=== Description of the task ===
Leave out the pictures. Return every record otherwise untouched.

*** Extracted entries Section Begins ***

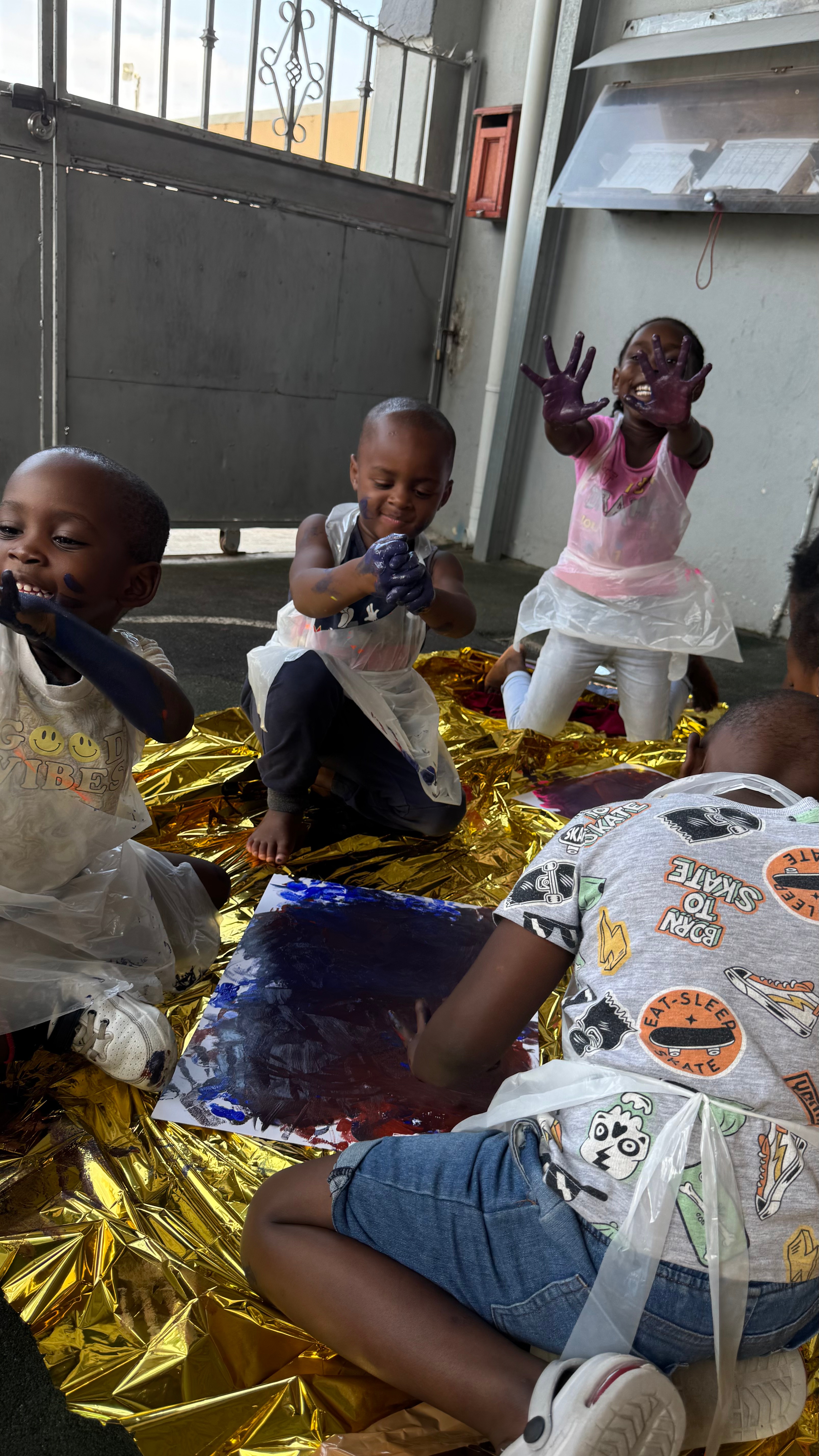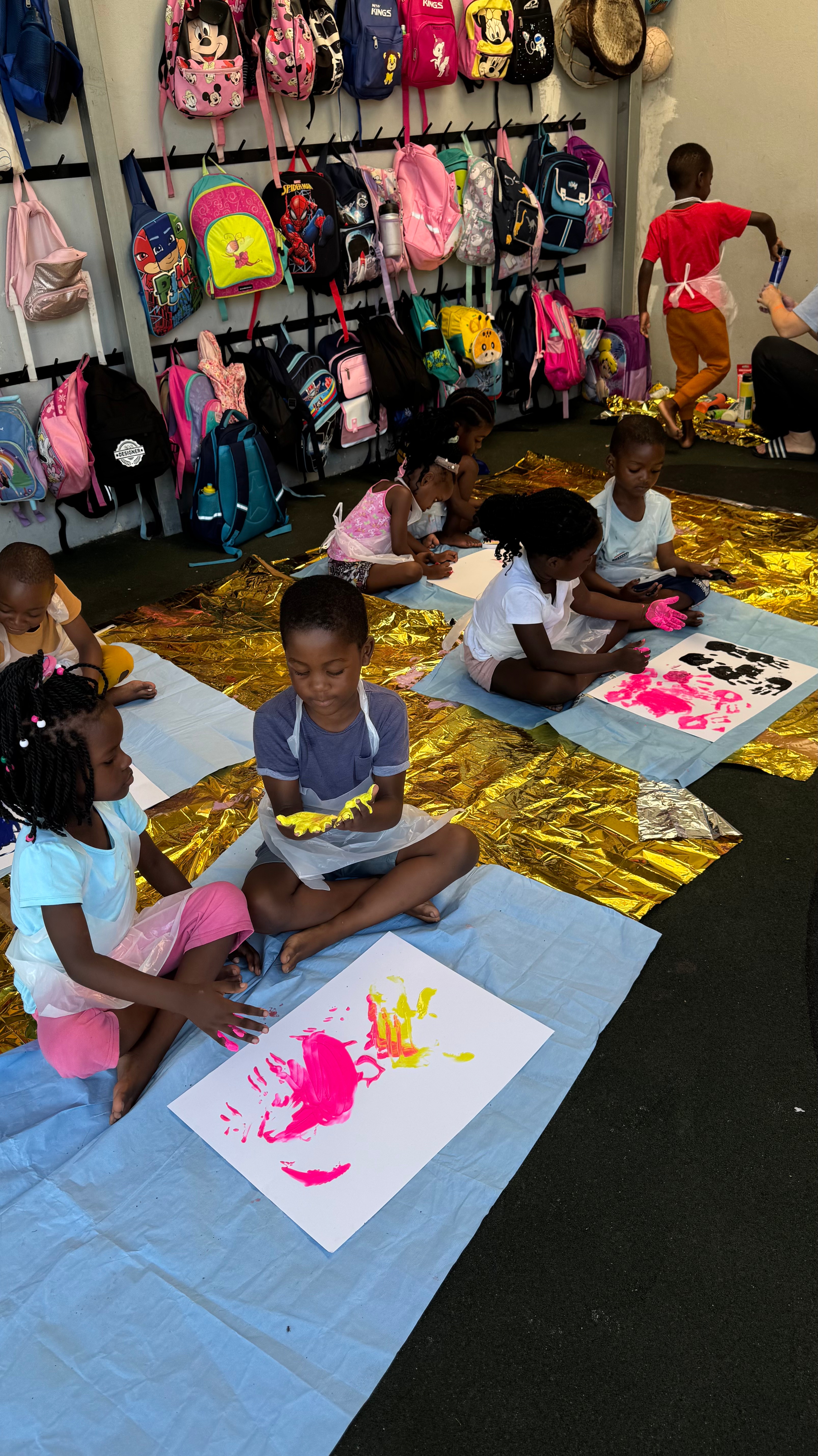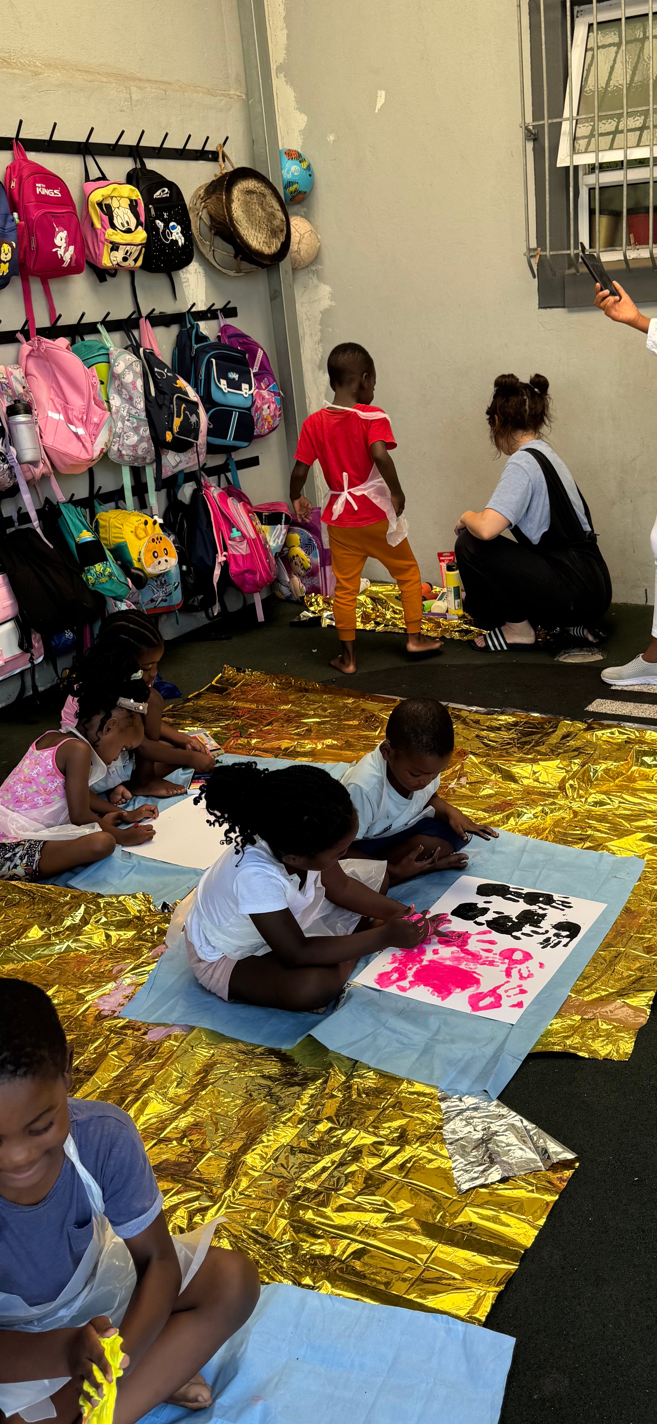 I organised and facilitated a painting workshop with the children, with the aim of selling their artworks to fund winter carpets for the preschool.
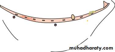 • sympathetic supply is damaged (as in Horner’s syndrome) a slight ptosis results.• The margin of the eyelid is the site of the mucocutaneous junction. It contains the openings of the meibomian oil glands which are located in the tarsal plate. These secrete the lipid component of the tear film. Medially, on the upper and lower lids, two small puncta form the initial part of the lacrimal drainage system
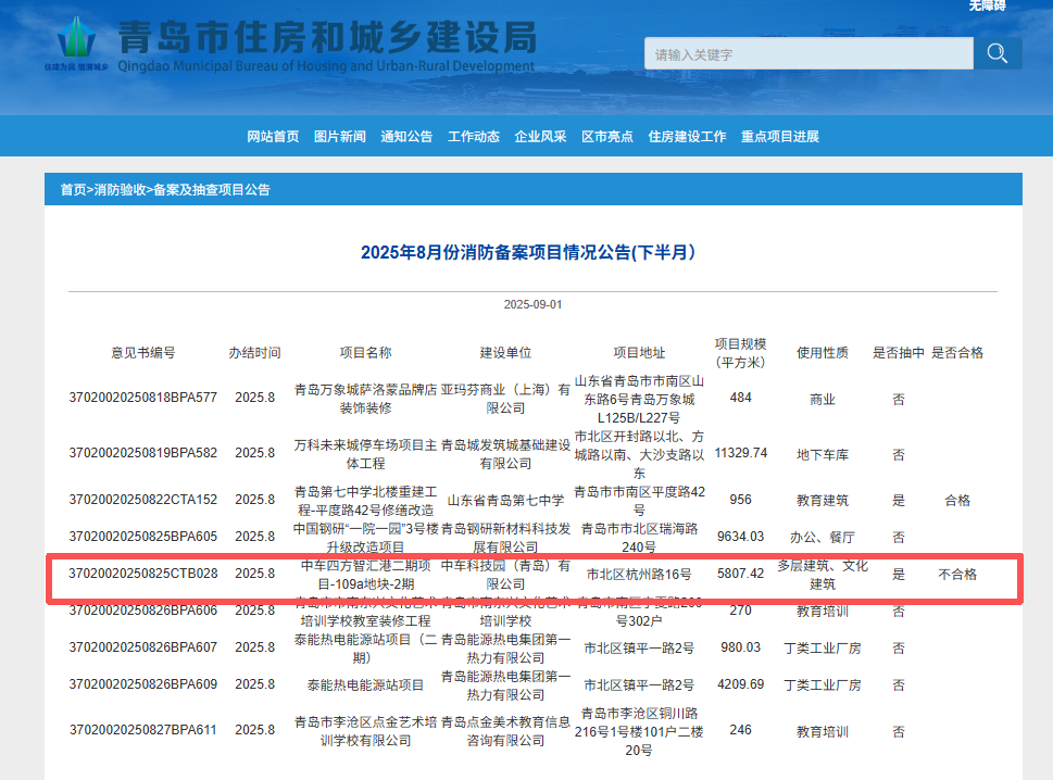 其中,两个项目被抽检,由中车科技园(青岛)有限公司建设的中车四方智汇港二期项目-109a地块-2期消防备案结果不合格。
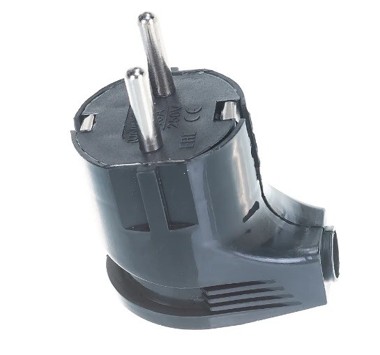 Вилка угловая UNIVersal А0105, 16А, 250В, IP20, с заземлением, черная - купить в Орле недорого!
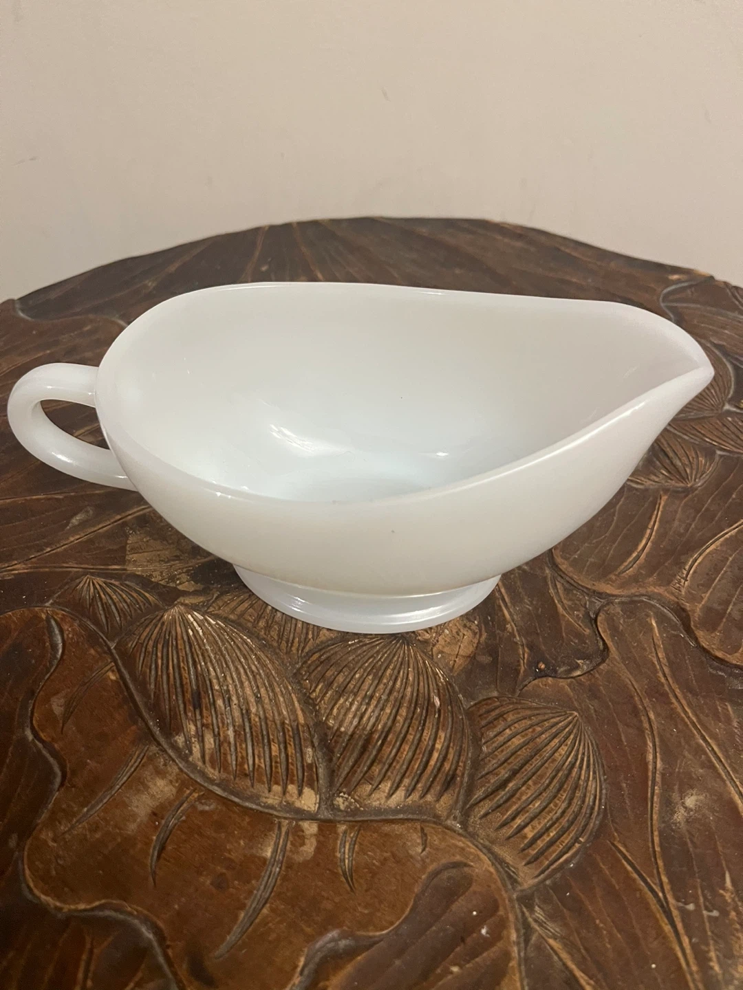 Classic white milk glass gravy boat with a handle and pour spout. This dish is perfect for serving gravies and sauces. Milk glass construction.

*** Extracted entries Section Ends ***

=== Solved exercise ===
 I organised and facilitated a painting workshop with the children, with the aim of selling their artworks to fund winter carpets for the preschool.
 • sympathetic supply is damaged (as in Horner’s syndrome) a slight ptosis results.• The margin of the eyelid is the site of the mucocutaneous junction. It contains the openings of the meibomian oil glands which are located in the tarsal plate. These secrete the lipid component of the tear film. Medially, on the upper and lower lids, two small puncta form the initial part of the lacrimal drainage system
 其中,两个项目被抽检,由中车科技园(青岛)有限公司建设的中车四方智汇港二期项目-109a地块-2期消防备案结果不合格。
 Вилка угловая UNIVersal А0105, 16А, 250В, IP20, с заземлением, черная - купить в Орле недорого!
 Classic white milk glass gravy boat with a handle and pour spout. This dish is perfect for serving gravies and sauces. Milk glass construction.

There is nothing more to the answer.